The second body part (2 ") of the device (1) comprises peripheral supports (12") of a second printed circuit board (SMP ") on either side of the second body part (2") integrally formed with the side walls of the second body part (2). walls and extends at least part of the length of said walls. The minimum number of peripheral supports (12 ") to ensure stable mounting of the mounting board is four, which are arranged to limit the movement of the edges of the second printed mounting board (SMP") towards the base of the second housing part (2 "). At the base of the second housing part (2 "), additional supports (13) are formed at the cavity (4") for enclosing and securing the inlet connector to limit the end of the second printed circuit board (SMP ') to which the outlet connector is attached, moving toward the base of the first part (2 '). The second part (2 ") of the housing (1) of the device (1) also comprises at least one inner support element (9") adjacent to the sidewall suitable for securing two housing parts and a comparatively heavy real-time clock (RTC) battery (6). for supporting the bracket (7). The second part (2 ") of the housing (1) of the device (1) also comprises a cavity (4") for guiding the externally inserted plug which is connected to the output connector (4) so that during the connection with the output connector a plane towards the exit joint coinciding with the longitudinal position of the exit joint. This ensures that the output joint will not be subjected to bending forces that occur when the joint is made during the attempt to match the plug and outlet joint planes.

In the first part (2 ') of the housing, a first printed circuit board (SMP') is mounted using a bracket (7) having an attached RTC battery (6). The first printed circuit board (SMP ') is inserted into the first body portion (2') by resting its peripheral edges on the peripheral supports (12 ') so that the edges of said first printed circuit board rigidly rest on the first body part (2'). peripheral supports (12 ') and walls. The first printed circuit board (SMP ') is provided with a digital data carrier (L) connector (15) in which the movement of the inserted carrier is completely restricted by the carrier insert connector (15) and the side wall plane of the first body portion (2'). This ensures that the media (L) remains permanently in the media connector (15) during use of the assembled device (1).

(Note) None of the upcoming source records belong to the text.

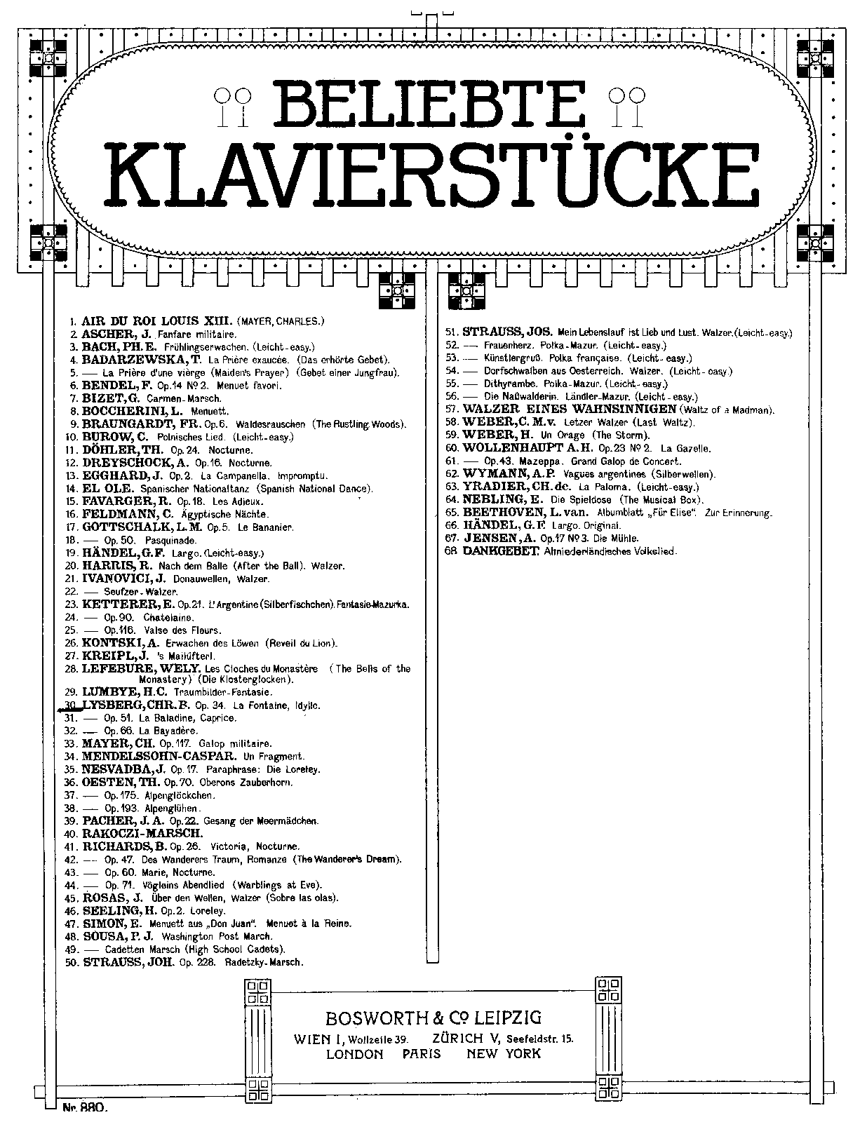 | Genre Categories | Pieces; For piano; Scores featuring the piano; For 1 player |
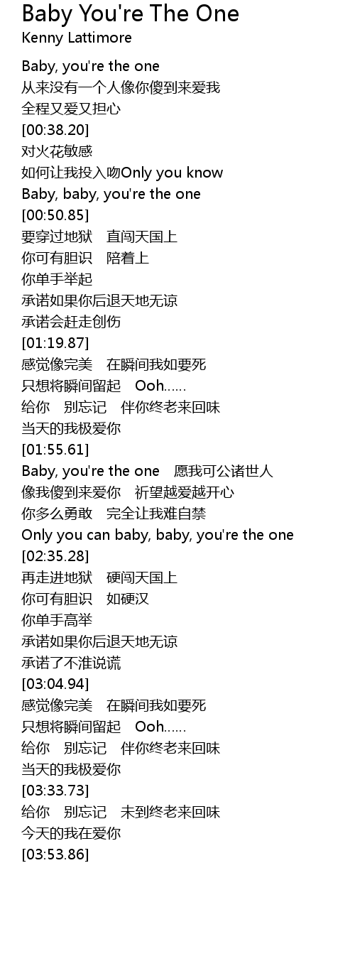 | [02:29.81] | Only you can baby, baby, you're the one |
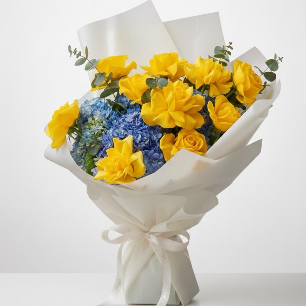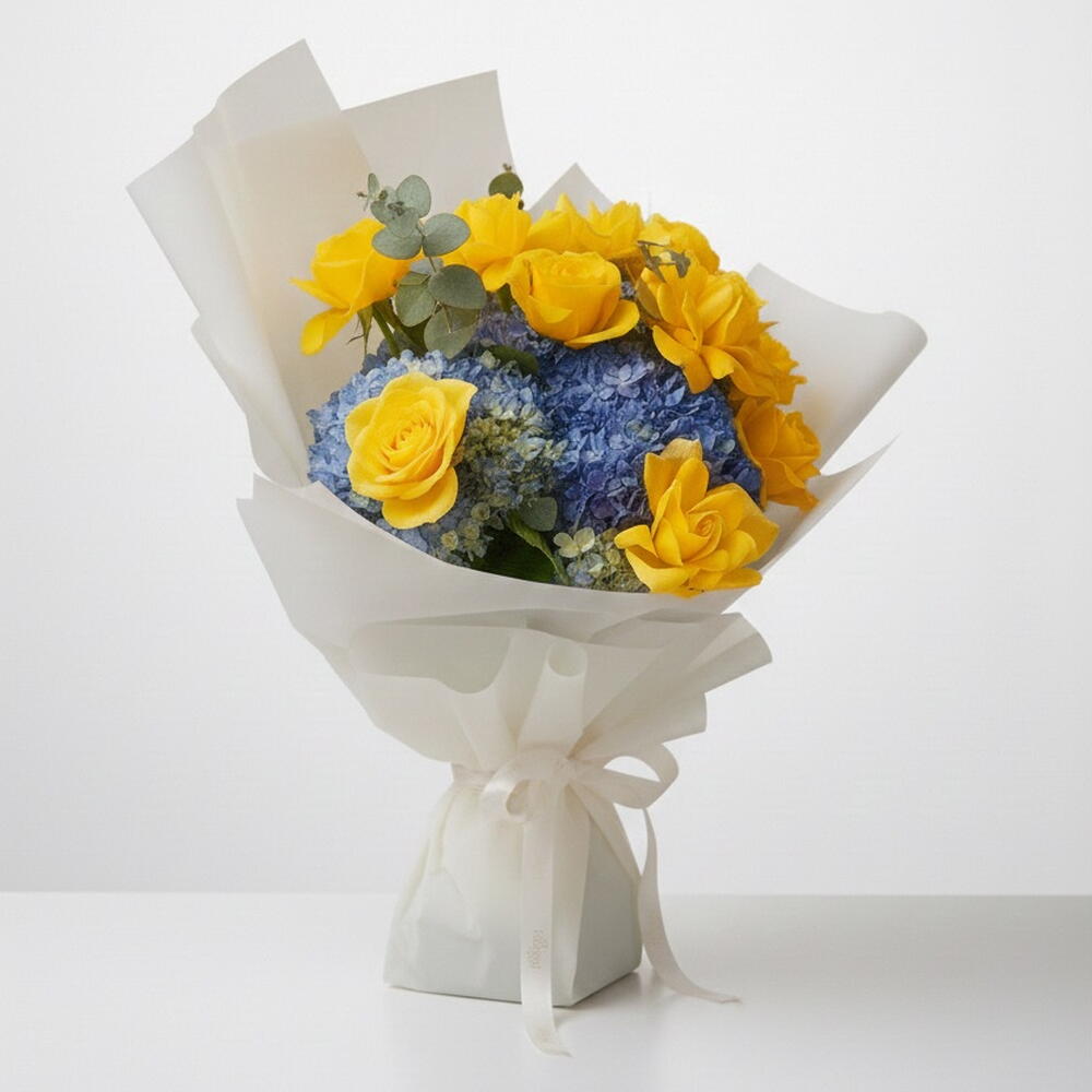 Brillante, fresco y lleno de energía positiva, Sun Meets Sky combina 12 radiantes rosas amarillas con 2 exuberantes hortensias azules, con un toque fresco de eucalipto para un toque limpio y moderno. Las rosas amarillas transmiten calidez, alegría y amistad, mientras que las hortensias azules aportan una profundidad serena y un contraste fresco y soñador. Juntas, crean un ramo optimista, equilibrado y naturalmente inspirador. ✨ Detalles del ramo • 💛 12 rosas amarillas • 💙 2 hortensias azules • 🌿 Detalles frescos de eucalipto • 💐 Atado a mano, acabado de floristería 💖 Ambiente Soleado • Tranquilo • Fresco • Moderno 🎁 Perfecto para • Felicitaciones de cumpleaños • Regalos de agradecimiento • Nuevos comienzos • Sorpresas que alegran
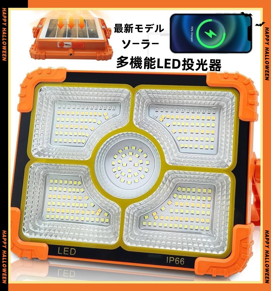 > 期間限定送無料!最新モデル!多機能ソーラー充電式LED投光器・非常灯 100W相当ー応急充電・停電・災害・警告・移動販売・キャンプに最適!
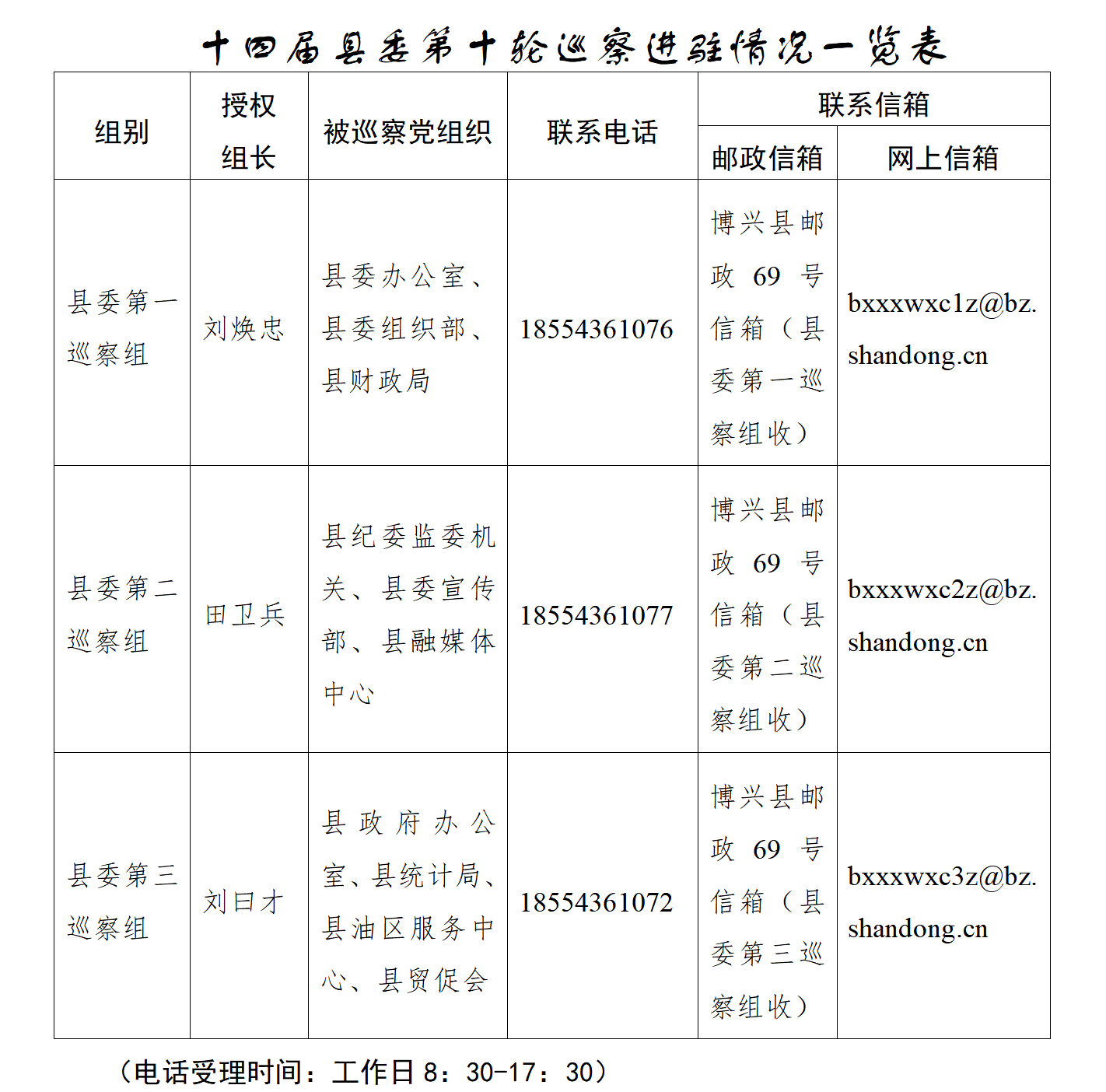 据悉,3个县委巡察组将开展为期3个月左右的现场巡察,受理信访时间截止到2026年6月3日。期间设立专门值班电话、信箱和邮政信箱,主要受理反映被巡察党组织领导班子及其成员、县委管理的其他干部及下一级主要负责人的问题以及与巡察工作有关的信访事项等。

The RTC power element (6) is substantially inserted into the RTC holding cavity of the holder (7) such that said power element (6) is restricted to movement at least parallel to the plane of the first mounting plate (SMP ') perpendicular to said plane; which prevents free movement perpendicular to said plane in the direction thereof. The holder (7) of the battery (6) further comprises a cavity (10) substantially conforming to the shape of the center support member (5) and adapted to fit the central support member (5) into the cavity (10) of the holder (7) (7) the space between the walls of the cavity (10) and the center support (5) should be as small as possible, preferably without leaving any space.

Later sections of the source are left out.